Tim and I are happy to share with everyone that our friends brought us our two new females from Germany. Katharina and Juergan Oster handled our dogs at the Sieger Show in Chicago, so they just brought both "girls" to us there. BTW- My female, Bali von der Bermbacher Scheune was V7 in the Working Females and was awarded a trophy for her bitewrok in the Performance Test. We were very pleased. Judge Dorssen told my handler at the Stand for Exam that Bali was 2nd in the bitework had it been placed 1st through 6th.
Back to my new females. My new showline female is Domina von den Lahnhohen. She is 16 months old and a daughter of VA4 Dux de Cuatro Flores Sch3, FH1 KKL1 (life) and V-Aura von den Lahnhohen Sch3 FH1 KKL1a (life). Domina will replace my retired Rosell vom Heerbusch after she is titled and Koered. She has the temperament we demand in our breeding dogs along with lovely structure and movement.

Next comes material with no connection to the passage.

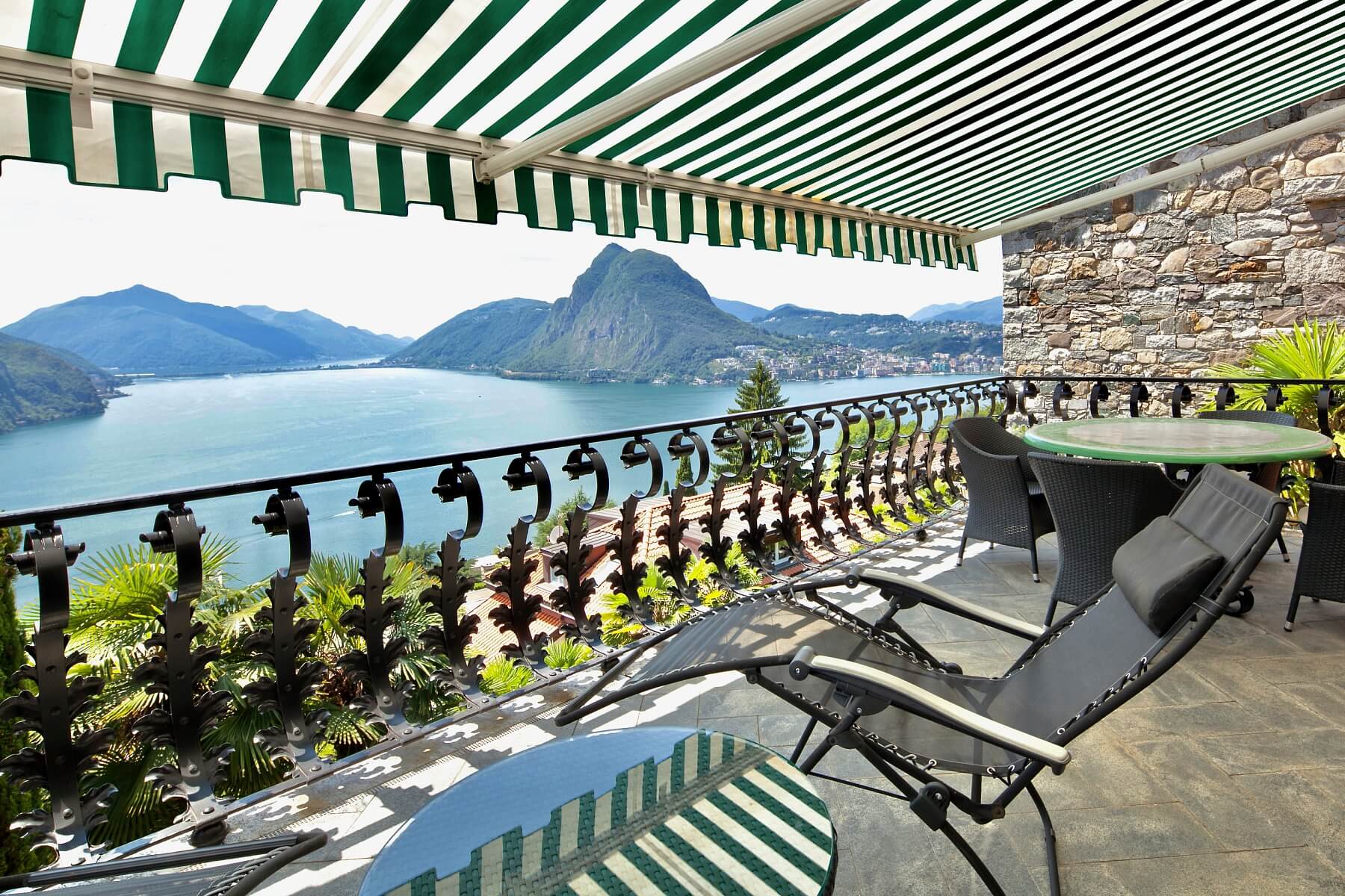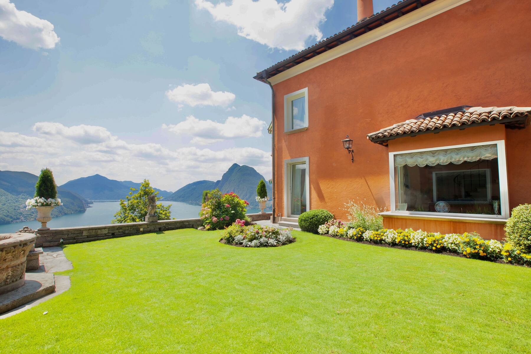 Kouzelná vila středomořského typu stojí přímo nad jezerem Lugano a nabízí tak naprosto otevřené impozantní výhledy na vodní hladinu a Alpy.

So far, her drive for the work is excellent. If they do not work, they do not stay here! If I do not make a lot of mistakes training her, she will have a VERY bright future!
Our 2nd female is Tim's. She is Goldi vom Vogelsberger Sudhang, a 3 1/2 year old, Sch3, KKL1a for life. Goldi is solid black and has the drives we love along with super structure and movement. Goldi's pedigree is loaded with great BSP dogs like: Manto, Lord, Drigon, Greif, Blacky, and Glenn von der Huhnergasse and Brix vom Kapfwald on the sire's side and Quasy, Xato, Timmy, Wotan, Gildo and Greif on the Mother's side. When she comes in heat this June, she will be bred to my Onnegardens Griff Sch3, FH2 and KKL2a for life (Griff was my Patrol/Cadaver K-9).Griff's sire is Tom Van 'T Leefdaalhof and his mother is Gotthilf von der Kline daughter. Tim, also, is hoping to trial Goldi a few times around her producing puppies for us. These two females hopefully will compliment our breeding and competition program. We have pictures posted on our website, http://www.wilmothdogs.com of both girls under the females tab, then click on their respective names. I hope to post new pictures soon!


----------



## Barb E (Jun 6, 2004)

Congratulations on your new additions!!!!


----------



## WinitheGSD (Sep 21, 2008)

congrats!! Its so fun when you get to add new four legged members to your family! Would love to see pics!


----------



## dorito17 (May 13, 2009)

Definite congratulations to your new furry four legged family member! Do youy have and pictures>


----------



## gsdlove212 (Feb 3, 2006)

Yep, I wanna see the newest additions...beggin for pics here!


----------



## mjbgsd (Jun 29, 2004)

Congrats on them! All your dogs are just gorgeous!!


----------



## k1184 (Dec 8, 2006)

Haven't had a chance to put new pics into another format. Should have time to do that soon. You can go to the website at http://www.wilmothdogs.com then click on females and then on either Domin or Goldie and you can see the pics that are up now. We hope to have new pics soon and I promise, I will post them. We are very excited about these two girls!!!!!


----------



## G-burg (Nov 10, 2002)

Congrats Kathy on the new additions!!


----------



## Deejays_Owner (Oct 5, 2005)

Congrats Kathy & Tim, Wow Goldi has a powerful head!!

Good Luck


----------



## TRITON (May 10, 2005)

Kathy Congratulations on the new girls!! I'm especially partial to your black female


----------